In Indonesia and Chile, there are separate Ministries of Fisheries to manage their large bodies of waters. In Malaysia, there are a Ministry of Agriculture and Agro-based Industry, a Ministry of Plantation Industries and Commodities, and a Ministry of Rural and Regional Development, with the latter overseeing the Rubber Industry Smallholder Development Authority and the Federal Land Consolidation and Rehabilitation Authority.

We have to get real.

The conversion of the Philippine Coconut Authority to a separate department for coconut and other tree crops (coffee, cacao, rubber, oil palm) is worth considering. The DA can concentrate on rice, corn and short-term crops. Another department can cover fisheries and aquaculture. At the very least, a Department of Fisheries would be needed to move out of the current maze.

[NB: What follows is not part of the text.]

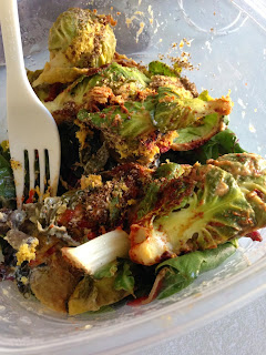 - Sometimes I'll make a creamy sauce (ex: blend together pine nuts/cilantro and lemon)

Management experts must be deployed to determine the manageable sizes of departments. Certainly, the DA is just too big for its multiple development missions.

Why are countries more developed than others? Look at their institutions. Look at how they develop their long-term visions, strategy and key result areas. Look at how they professionalize their organizations. Look at their sound project selection criteria. Look at their practice of consulting foreign and local experts in strategic analytics and policies.

Institutions are important. Institutions drive development. They are critical for growth and equity and, to use the current buzz word, for inclusive growth.

Rolando T. Dy is the chair of the MAP Agribusiness and Countryside Development Committee, and the executive director of the Center for Food and AgriBusiness of the University of Asia & he Pacific.